I have a pandas DataFrame in the following format:
a b c
0 0 1 2
1 3 4 5
2 6 7 8
3 9 10 11
4 12 13 14
5 15 16 17
I want to append a calculated row that performs some math based on a given items index value, e.g. adding a row that sums the values of all items with an index value < 2, with the new row having an index label of 'Red'. Ultimately, I am trying to add three rows that group the index values into categories:
A row with the sum of item values where index value are < 2, labeled as 'Red'
A row with the sum of item values where index values are 1 < x < 4, labeled as 'Blue'
A row with the sum of item values where index values are > 3, labeled as 'Green'
Ideal output would look like this:
a b c
0 0 1 2
1 3 4 5
2 6 7 8
3 9 10 11
4 12 13 14
5 15 16 17
Red 3 5 7
Blue 15 17 19
Green 27 29 31
My current solution involves transposing the DataFrame, applying a map function for each calculated column and then re-transposing, but I would imagine pandas has a more efficient way of doing this, likely using .append().
EDIT:
My in-elegant pre-set list solution (originally used .transpose() but I improved it using .groupby() and .append()):
df = pd.DataFrame(np.arange(18).reshape((6,3)),columns=['a', 'b', 'c'])
df['x'] = ['Red', 'Red', 'Blue', 'Blue', 'Green', 'Green']
df2 = df.groupby('x').sum()
df = df.append(df2)
del df['x']
I much prefer the flexibility of BrenBarn's answer (see below).
Here is one way:
def group(ix):
if ix < 2:
return "Red"
elif 2 <= ix < 4:
return "Blue"
else:
return "Green"
>>> print d
a b c
0 0 1 2
1 3 4 5
2 6 7 8
3 9 10 11
4 12 13 14
5 15 16 17
>>> print d.append(d.groupby(d.index.to_series().map(group)).sum())
a b c
0 0 1 2
1 3 4 5
2 6 7 8
3 9 10 11
4 12 13 14
5 15 16 17
Blue 15 17 19
Green 27 29 31
Red 3 5 7
For the general case, you need to define a function (or dict) to handle the mapping to different groups. Then you can just use groupby and its usual abilities.
For your particular case, it can be done more simply by directly slicing on the index value as Dan Allan showed, but that will break down if you have a more complex case where the groups you want are not simply definable in terms of contiguous blocks of rows.
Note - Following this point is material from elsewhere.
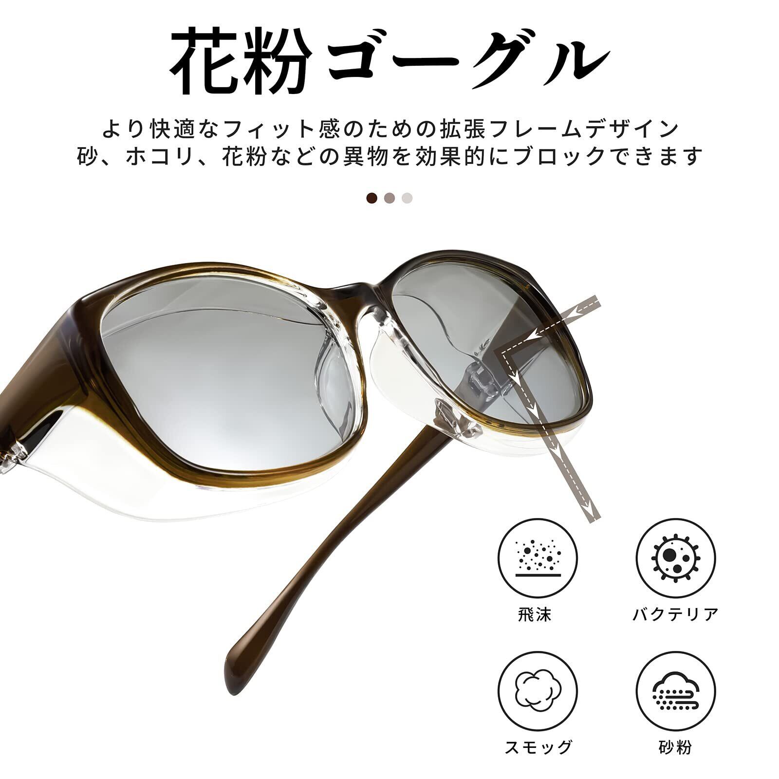 【花粉対策 】花粉やホコリからやさしく目をガードします、花粉やホコリをしっかり防ぐゴーグルタイプの花粉メガネです、花粉カット率は約95%と業界トップクラスを達成!

The method above will also easily extend to situations where the groups you want to create are not based on the index but on some other column (i.e., group together all rows whose value in column X is within range 0-10, or whatever).
The role of "transpose," which you say you used in your unshown solution, might be played more naturally by the orient keyword argument, which is available when you construct a DataFrame from a dictionary.
In [23]: df
Out[23]:
a b c
0 0 1 2
1 3 4 5
2 6 7 8
3 9 10 11
4 12 13 14
5 15 16 17
In [24]: dict = {'Red': df.loc[:1].sum(),
'Blue': df.loc[2:3].sum(),
'Green': df.loc[4:].sum()}
In [25]: DataFrame.from_dict(dict, orient='index')
Out[25]:
a b c
Blue 15 17 19
Green 27 29 31
Red 3 5 7
In [26]: df.append(_)
Out[26]:
a b c
0 0 1 2
1 3 4 5
2 6 7 8
3 9 10 11
4 12 13 14
5 15 16 17
Blue 15 17 19
Green 27 29 31
Red 3 5 7
Based the numbers in your example, I assume that by "> 4" you actually meant ">= 4".